[Dataset entries]
....

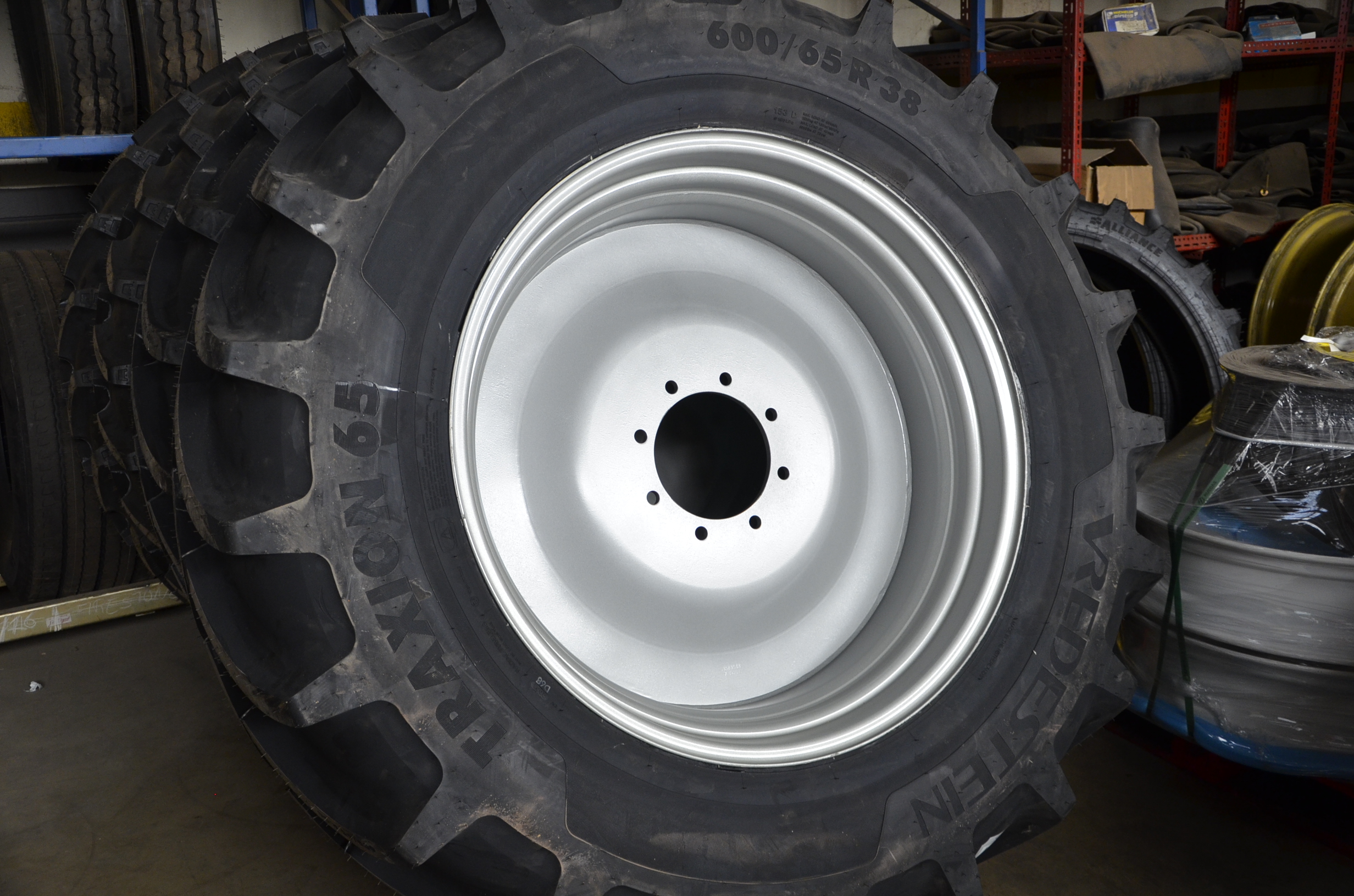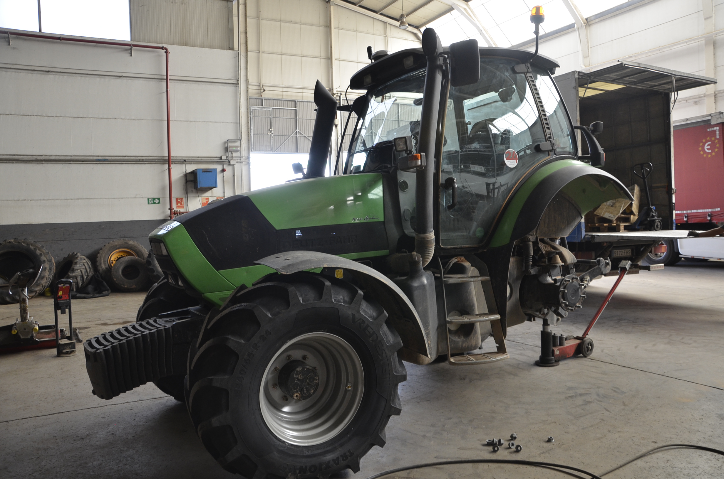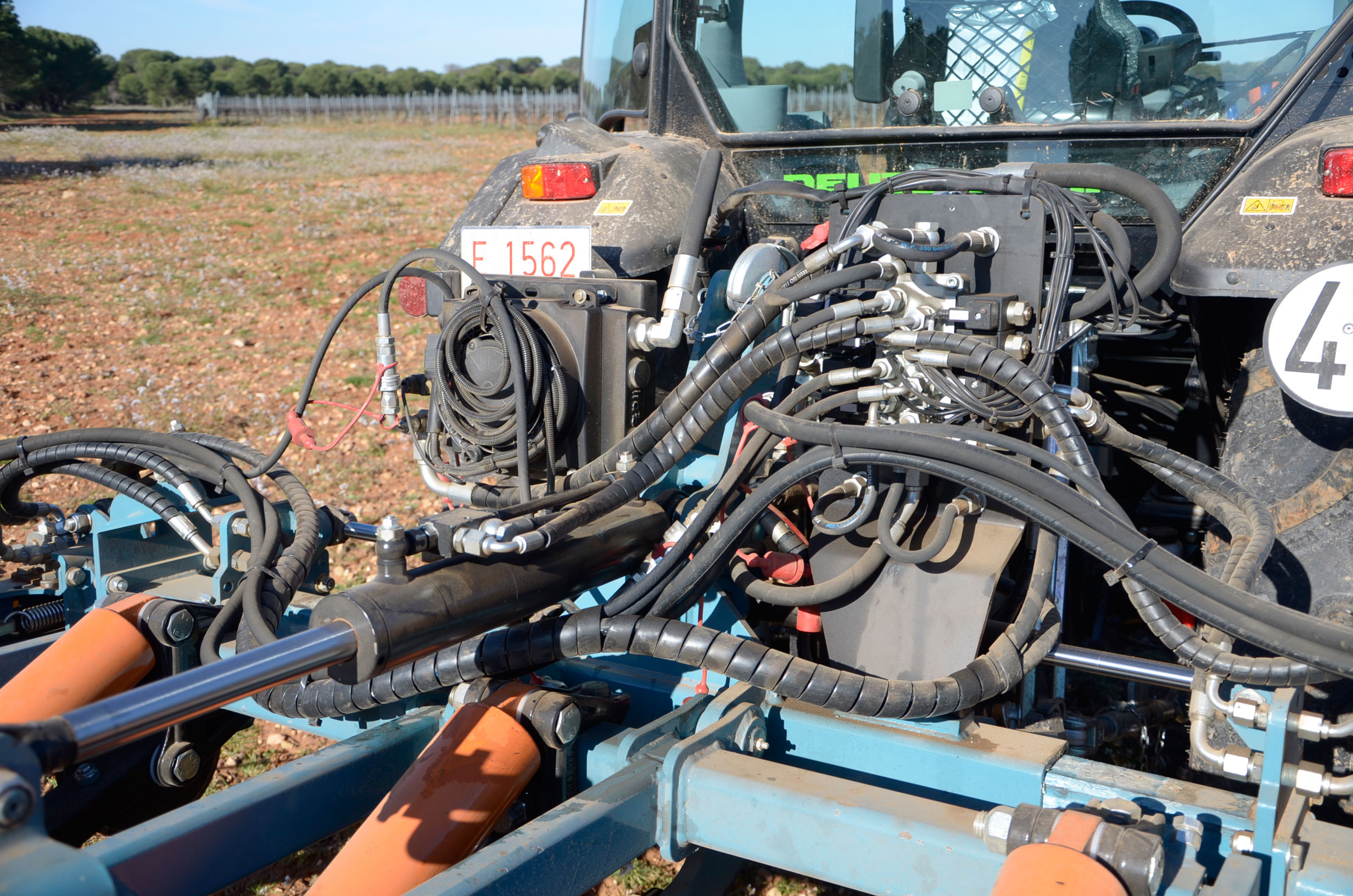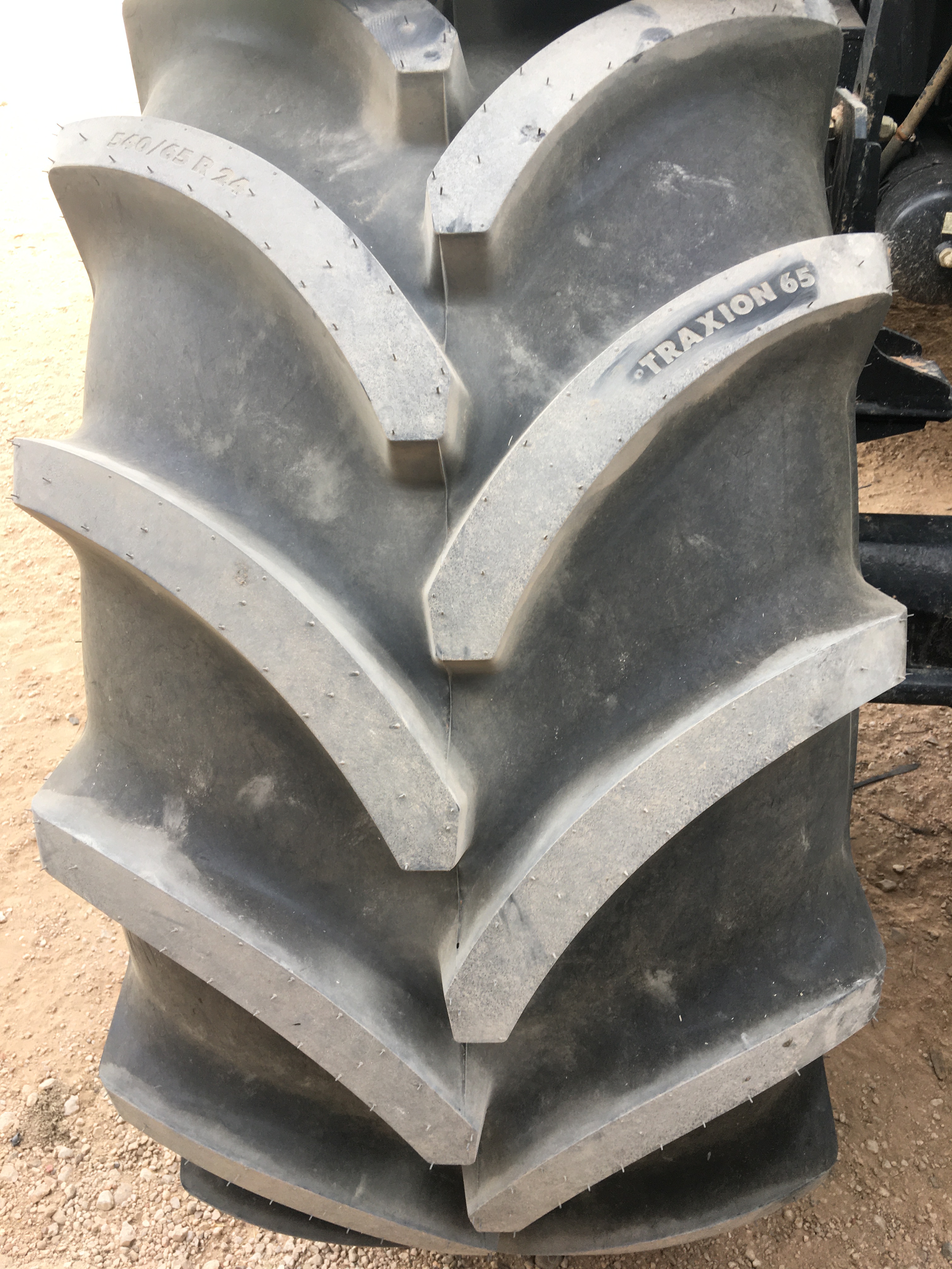 Hace unos meses decidimos cambiar los neumáticos de nuestro tractor. Las ruedas delanteras después de casi 5.000 horas de trabajo ya estaban pidiendo cambio. Nuestra elección fue fácil: neumáticos Vredestein Traxion 65. Además, queríamos pasar a unas medias más anchas para así tener menos compactación de suelo y tuvimos que reemplazar también los neumáticos traseros que estaban a medio uso. Evidentemente también supuso cambio de llantas… Pinchazos Vargas-Esneagri lo hizo sin problemas ya que para ellos son trabajos muy cotidianos. De esta forma, pasamos de unas medidas 480/70R24 y 520/70R38 a 540/65R24 y 600/65R38. Al no tener agua en los neumáticos (antes si llevábamos en los delanteros), hemos aligerado unos 500 kg y hemos mejorado la tracción (las presiones más recomendadas para estos neumáticos es de 1,3 bar para los delanteros y 1,5 bar para los traseros).
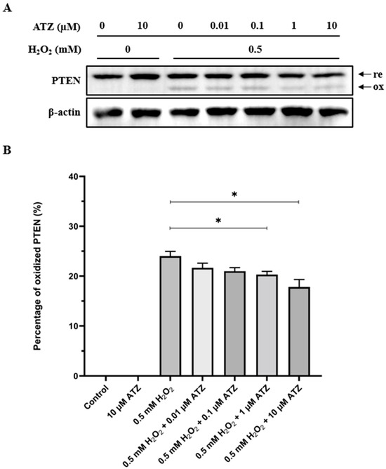 Effect of ATZ, a CA inhibitor, on oxidation of PTEN by H2O2. HepG2 cells were pre-incubated in HCO3−-free media, supplemented with 0, 0.01, 0.1, 1, and 10 µM ATZ, at 37 °C with 0.1% CO2 for 4 h. Then, they were changed to stimulation media with same components plus 0.5 mM H2O2. After 10 min, the reaction was terminated by NEM-containing lysis buffer. Western blot data with PTEN and β-actin antibodies are shown (A). ATZ considerably impeded PTEN oxidation in a dose-dependent manner (B). Stars are considered as significances (p < 0.05).
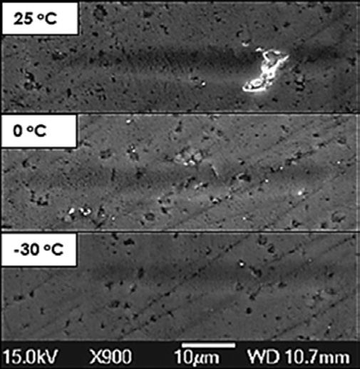 通過結(jié)合NanoTest的低溫樣品臺和劃痕測試功能可以直接評估材料的磨損行為。如圖3所示,在不同溫度下對復(fù)合DLC涂層進(jìn)行了斜載荷劃痕測試:隨著樣品冷卻,從表面去除的材料體積減小,在亞環(huán)境溫度下,磨損軌跡明顯比在室溫下淺。這種涂層在較低的溫度下也更耐開裂,這表明該DLC涂層通常用于提高耐磨性,在亞環(huán)境條件下表現(xiàn)更好。這項結(jié)論可以提高這些涂層在汽車應(yīng)用中的實用性。
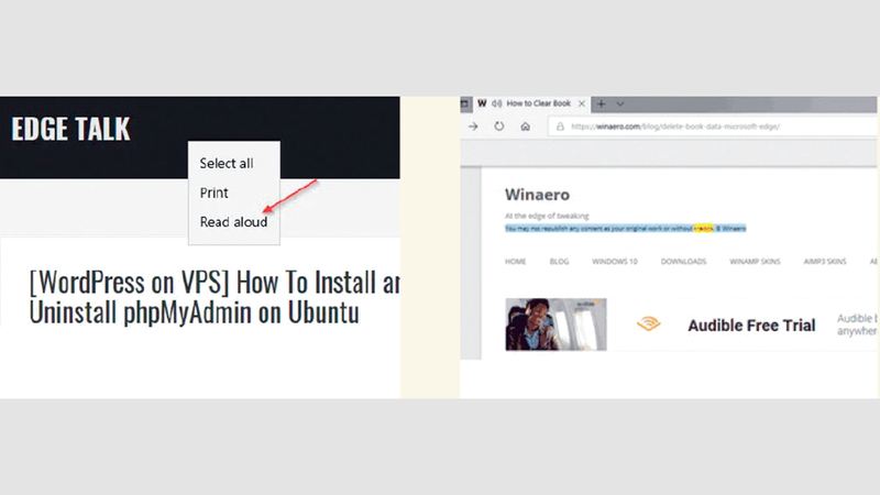 فإذا كنت من مستخدمي متصفح «إيدج» ورغبت في الوصول للوحة التحكم في ميزة قراءة المحتوى صوتياً، اتبع الآتي: انقر فوق صفحة الـ«ويب» التي تريد قراءة محتواها بزر الفأرة الأيمن، ثم انقر فوق خيار «القراءة بصوت مرتفع» Reading Aloud داخل النافذة المنسدلة، ليظهر أمامك أعلى الشاشة شريط أدوات جديد يضم مجموعة من الخيارات، وبعدها انقر فوق السهم الذي يشير جهة اليسار للعودة بالقراءة إلى جزء سابق، أو فوق أيقونة الخطين المتوازيين لإيقاف القراءة مؤقتاً، ومن ثم انقر فوق السهم الذي يشير إلى اليمين للتقدم في عملية القراءة عن الجزء الذي تستمع إليه، ثم انقر فوق أيقونة الشخص الموجودة يمين الشاشة لضبط إعدادات الصوت بحسب رغبتك، وبعد انتهاء القراءة، انقر فوق أيقونة «X» لإخفاء شريط أدوات القراءة الصوتية.
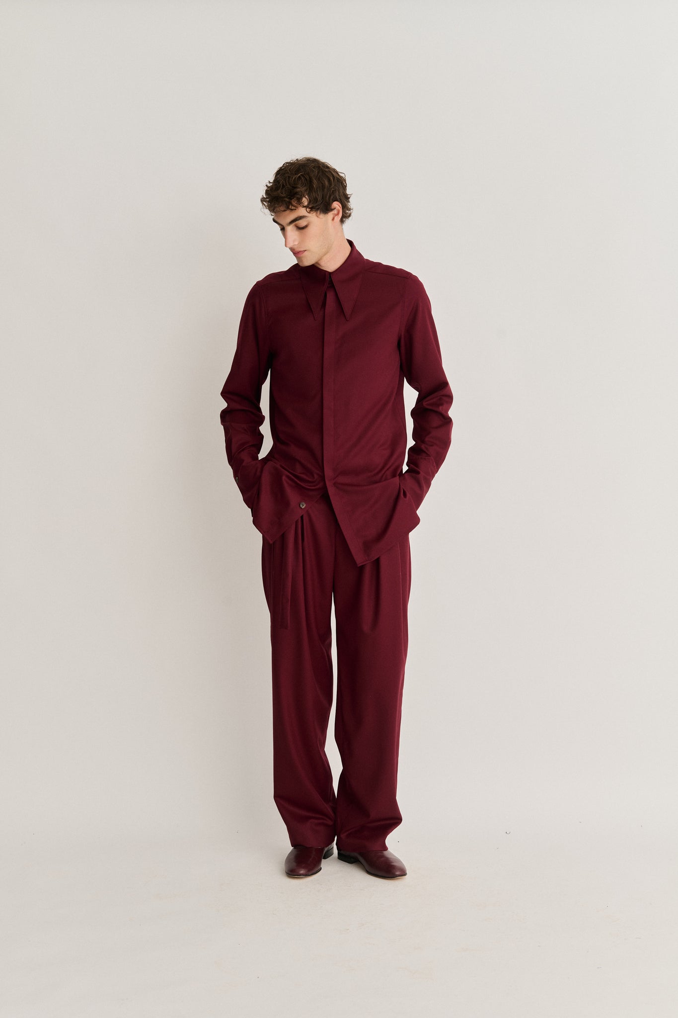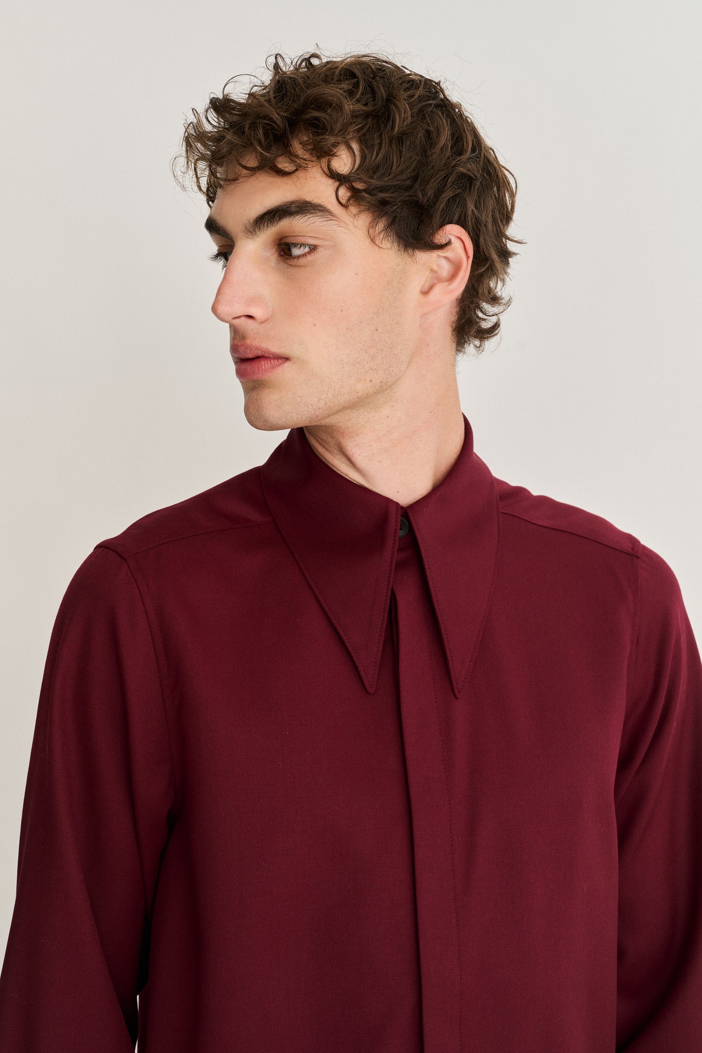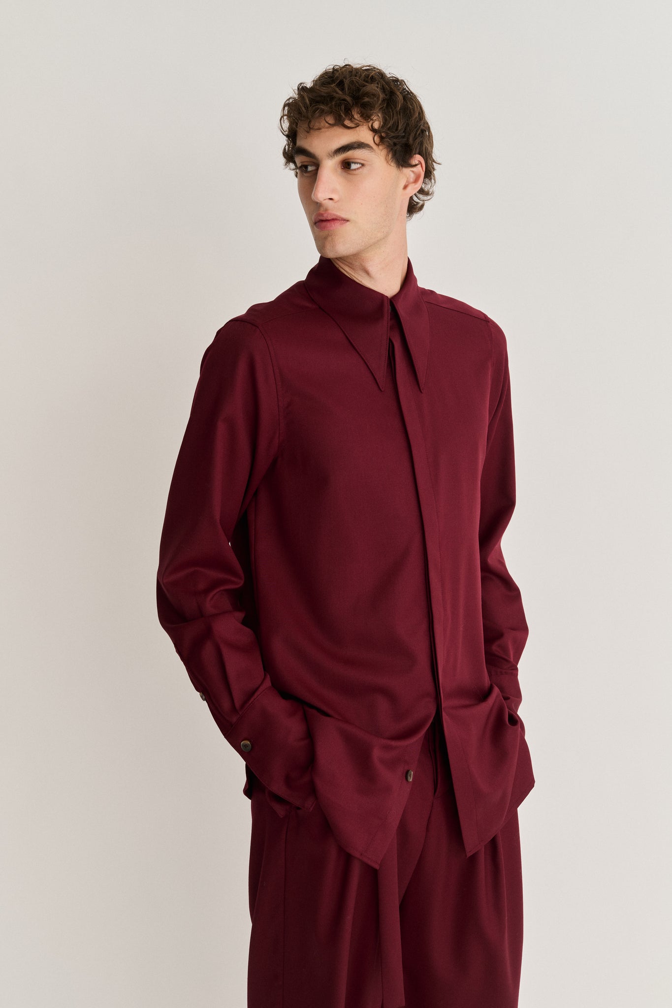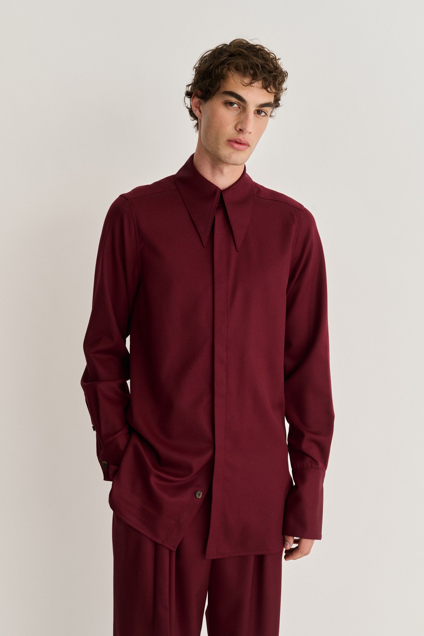 Pointed Collar Long Line Shirt

....

» **What to work on**: What is needed is an exact transcription of the lines from the one holding "فإذا كنت من" to the end of the data, with every picture left out.

» **Exercise solution**:
 فإذا كنت من مستخدمي متصفح «إيدج» ورغبت في الوصول للوحة التحكم في ميزة قراءة المحتوى صوتياً، اتبع الآتي: انقر فوق صفحة الـ«ويب» التي تريد قراءة محتواها بزر الفأرة الأيمن، ثم انقر فوق خيار «القراءة بصوت مرتفع» Reading Aloud داخل النافذة المنسدلة، ليظهر أمامك أعلى الشاشة شريط أدوات جديد يضم مجموعة من الخيارات، وبعدها انقر فوق السهم الذي يشير جهة اليسار للعودة بالقراءة إلى جزء سابق، أو فوق أيقونة الخطين المتوازيين لإيقاف القراءة مؤقتاً، ومن ثم انقر فوق السهم الذي يشير إلى اليمين للتقدم في عملية القراءة عن الجزء الذي تستمع إليه، ثم انقر فوق أيقونة الشخص الموجودة يمين الشاشة لضبط إعدادات الصوت بحسب رغبتك، وبعد انتهاء القراءة، انقر فوق أيقونة «X» لإخفاء شريط أدوات القراءة الصوتية.
 Pointed Collar Long Line Shirt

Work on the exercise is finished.